In the heart of the newly formed star, a key process then began: that of creating the heavier elements. Compressed by gravity, hydrogen and helium fuse to form carbon, nitrogen and oxygen in a process known as ‘stellar nucleosynthesis’. As it reaches the end of its short life, the first stars explode in an event called a ‘supernovae’, spewing the heavier metals cooked within their centre out into the Universe.


The dense regions of space that have formed the first stars now begin to merge themselves. Multiple pools of gas come together to produce a larger reservoir from which the first galaxies begin to take shape.


Consisting of dense, cold gas, filled with metals from the first stars, these first galaxies turn star formation into a business. More stars form, now in much closer vicinity, and the combined heat they produce radiates out through the galaxy. This new source of energy hits the neutral atoms and strips their electrons, ionising the gas.


As the fields of ionised gas surrounding the first galaxies expand, they overlap and merge, resulting in the whole Universe becoming ionised. Wise’s simulations show this in action, with pockets of ionised gas and metals spreading to fill all of space.

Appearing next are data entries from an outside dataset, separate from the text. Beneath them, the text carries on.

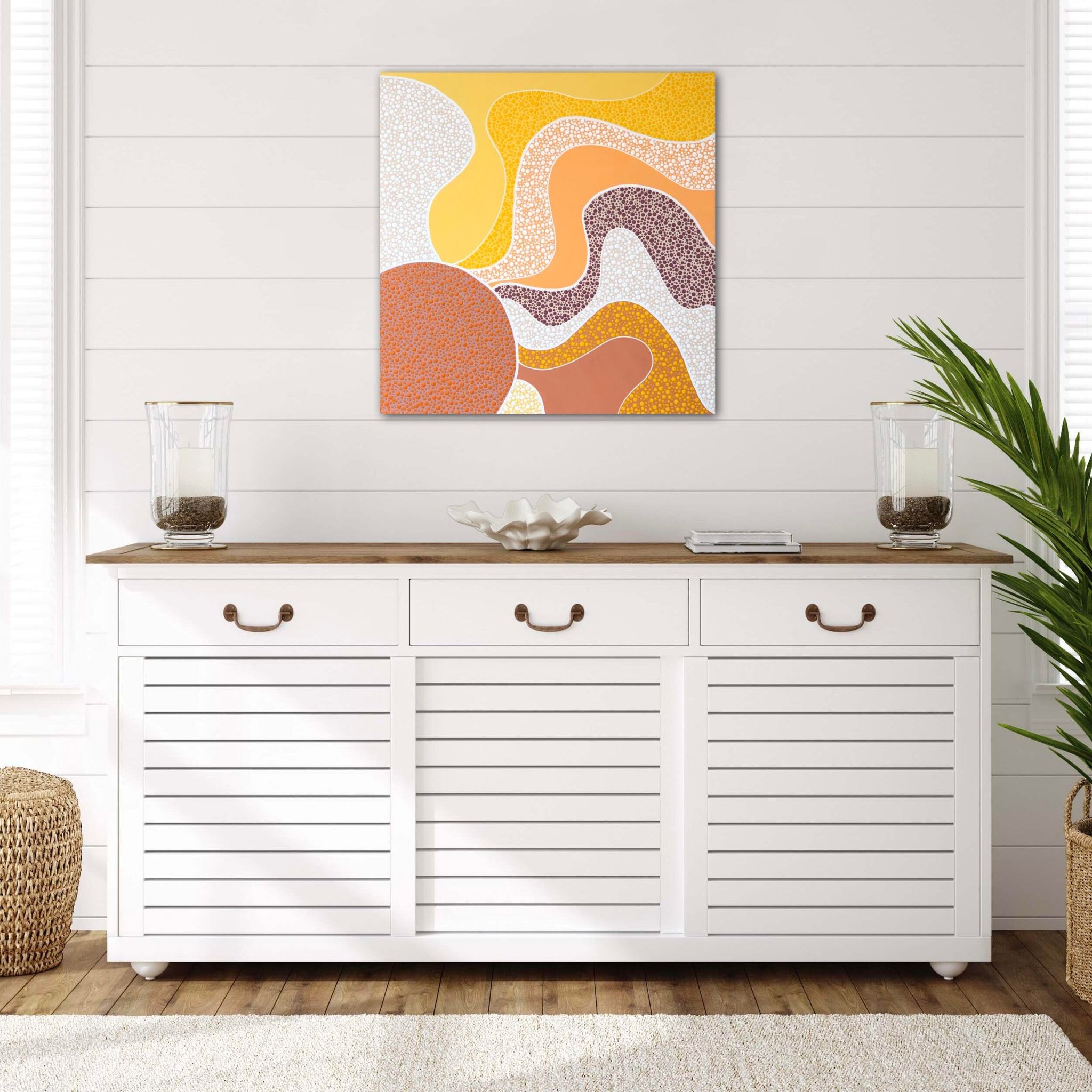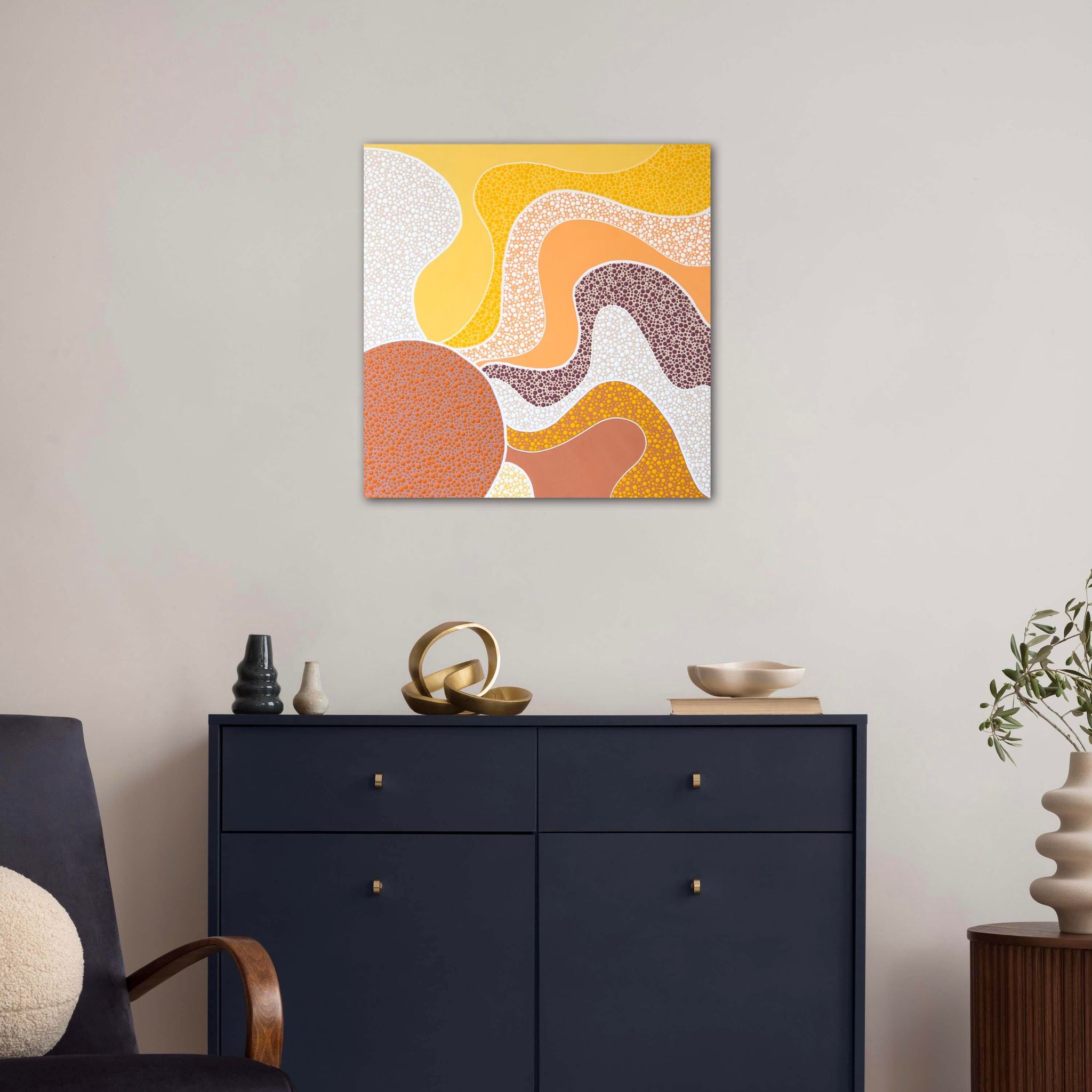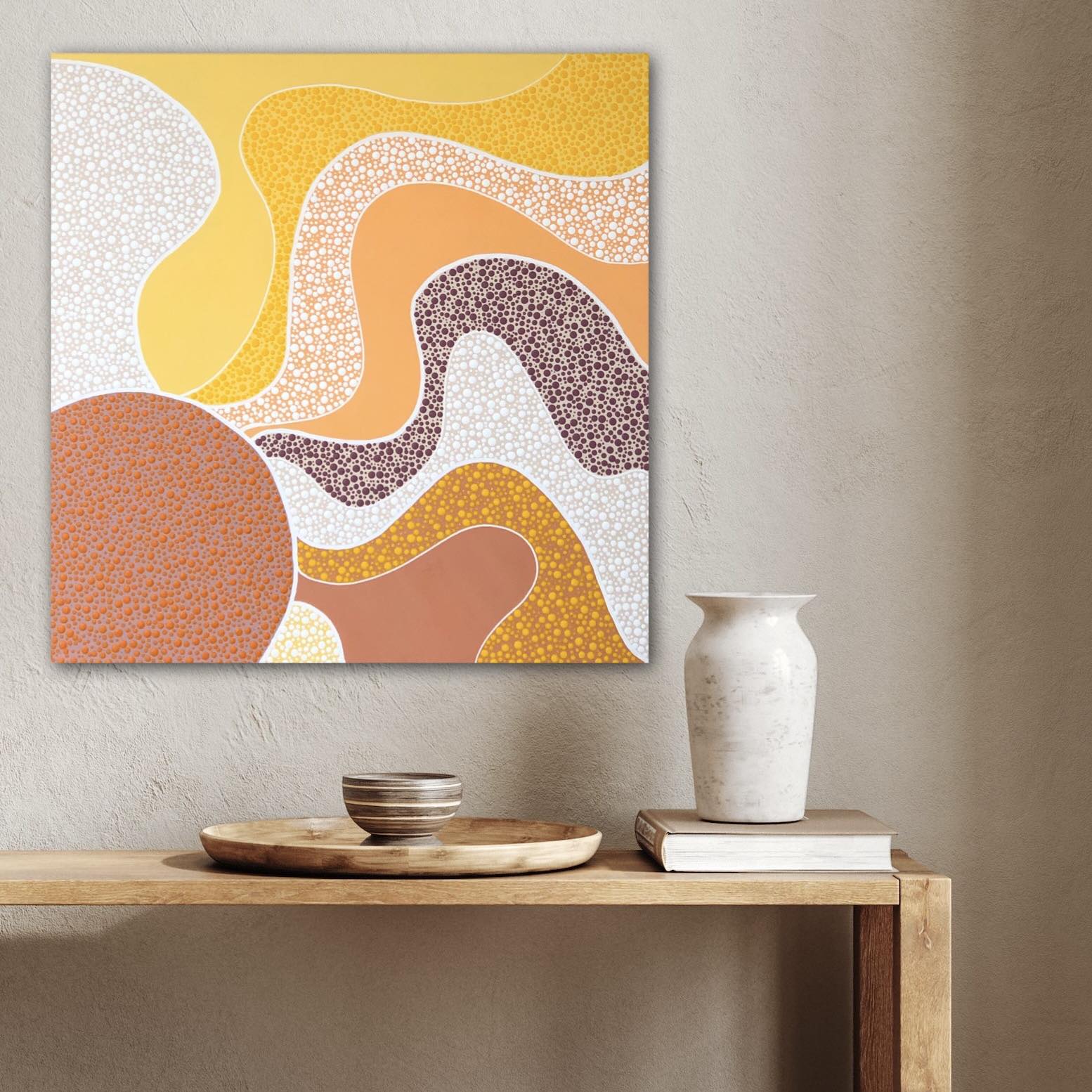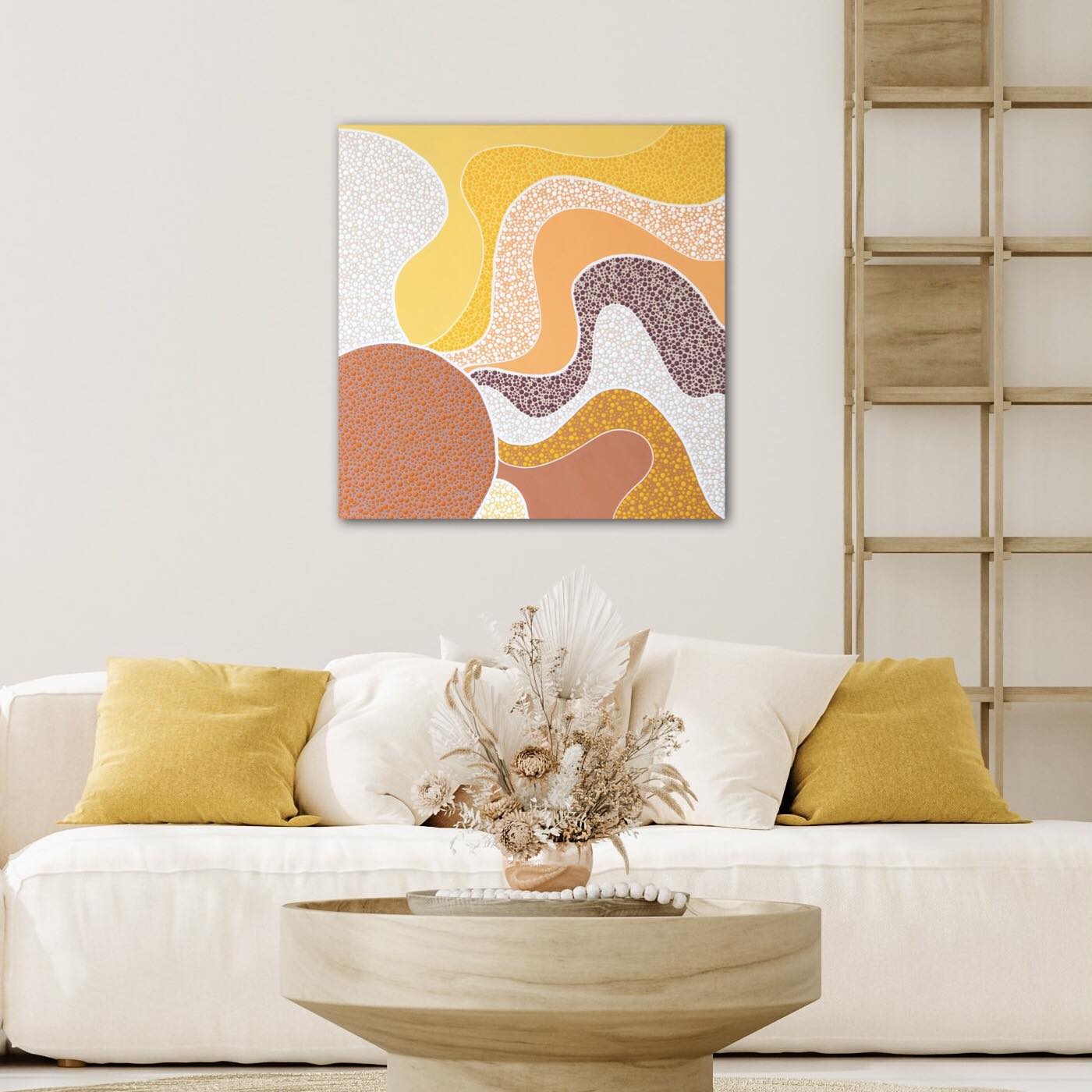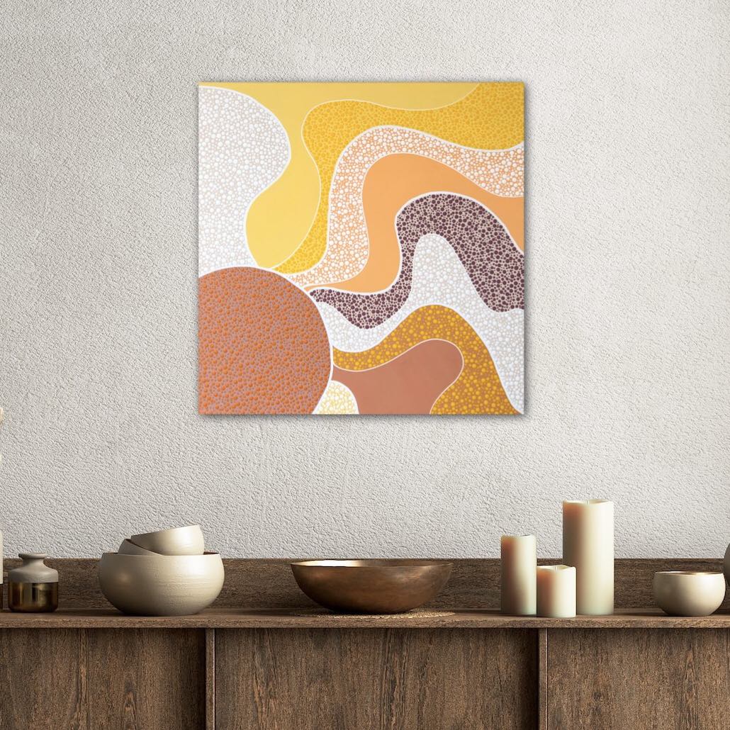 Nature, particularly the Australian landscapes she's explored remains a powerful muse. Her colour palettes echo the serenity of sunrises and sunsets—blending warm earthy tones with cool, introspective hues and vibrant splashes of joyful energy. For years, Nikki kept the spiritual side of her process private, fearing it might be misunderstood. But embracing her truth has allowed her to share the essence of what makes her art unique. Each of her creations is more than a painting—it’s a visual story infused with feeling, intention, and the quiet whispers of the universe, encouraging others to honour their own inner voice.
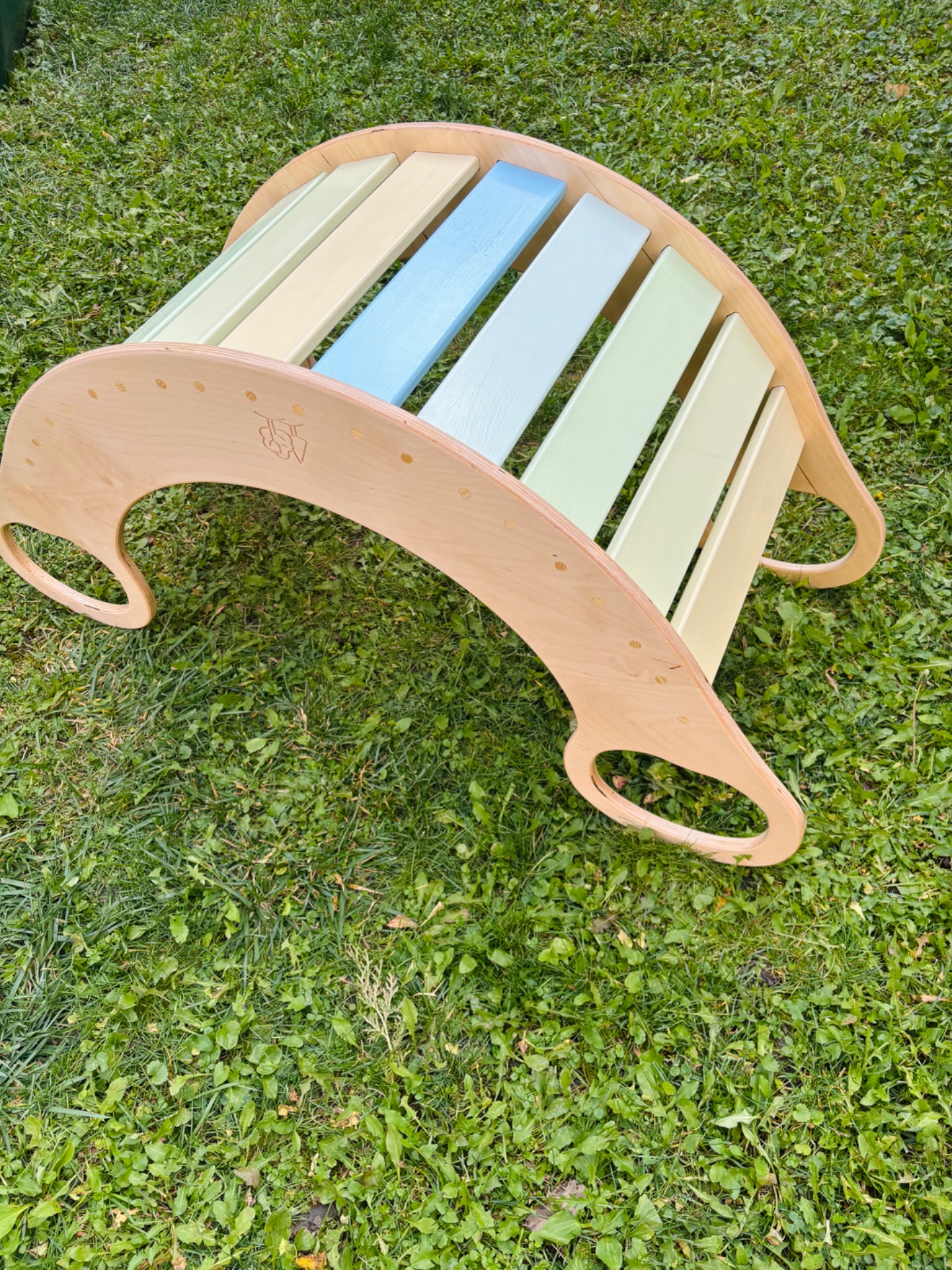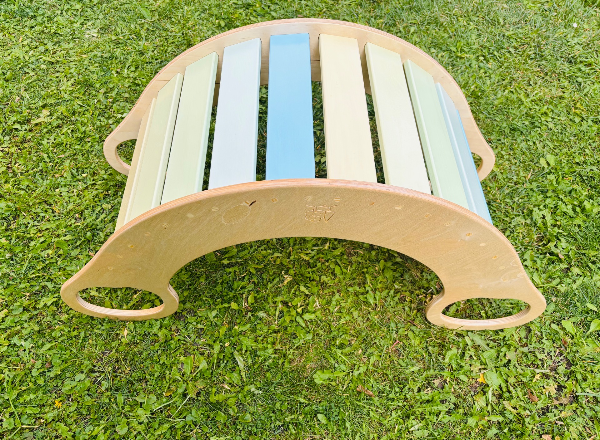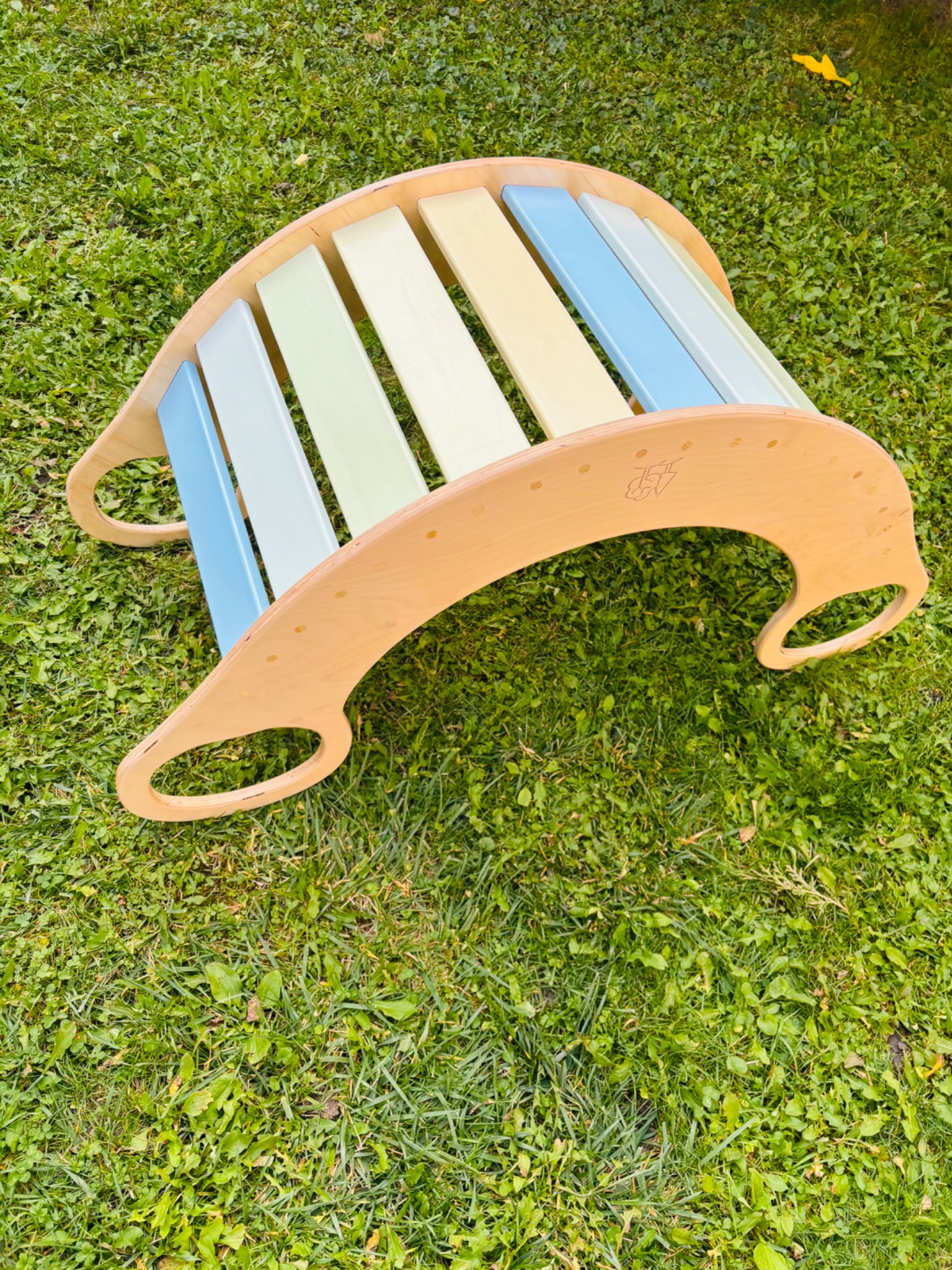 A szivárványhinta segíti a gyerekek motoros képességeinek helyes fejlődését. Használhatják hintázásra, mászásra, csúszdázásra, de akár rejtekhelyként, asztalként, székként is funkcionálhat. A fogantyúk segítik a gyermekeket a hintázásban,valamint a hinta stabilitását biztosítja.
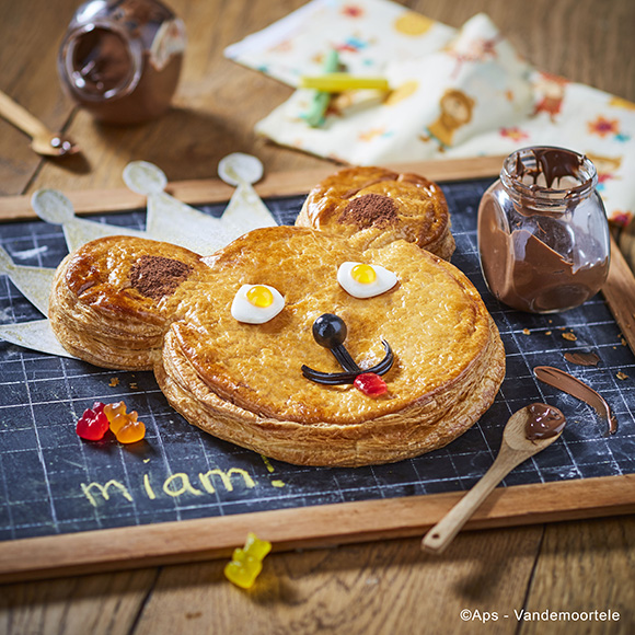 – Garnir en forme de tête d’ours avec la pâte à tartiner sur environ 1,5 cm de hauteur, déposer la fève sur un bord (pour minimiser le risque de tomber dessus en coupant la galette !).
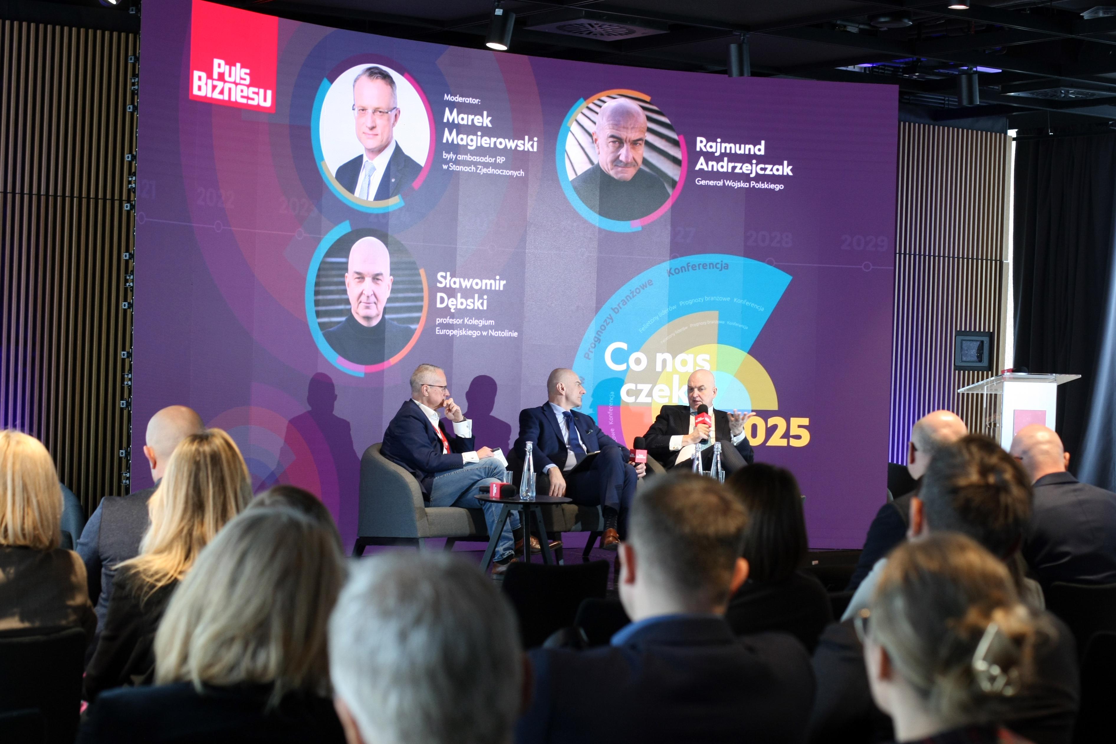 Czy Polska powinna wysłać żołnierzy na Ukrainę w ramach misji stabilizacyjnej, mimo wcześniejszego zapewnienia premiera Donalda Tuska, że nie jest to konieczne? To pytanie postawił Marek Magierowski, były ambasador Polski w USA i Izraelu, otwierając panel dyskusyjny z udziałem gen. Rajmunda Andrzejczaka, byłego szefa Sztabu Generalnego Wojska Polskiego, oraz Sławomira Dębskiego, historyka, profesora Kolegium Europejskiego w Natolinie. Aby zobrazować skalę takiego przedsięwzięcia, przywołał przykład strefy zdemilitaryzowanej na Półwyspie Koreańskim (wzdłuż linii o długości 248 km), wskazując, że linia frontu w Ukrainie (1200 km) wymagałaby znacznie większego zaangażowania - nawet 100 tys. żołnierzy.

While this uncovers the source of the Universe’s ionisation, the impact of the first galaxies does not stop there. In the same way that the regions of first star formation had combined to form galaxies, further mergers pull the galactic siblings together. The result is the birth of a galaxy like our own Milky Way.


These first galaxies, Wise concludes, therefore form a single but important piece of the puzzle that ultimately leads to our own existence here in the Milky Way.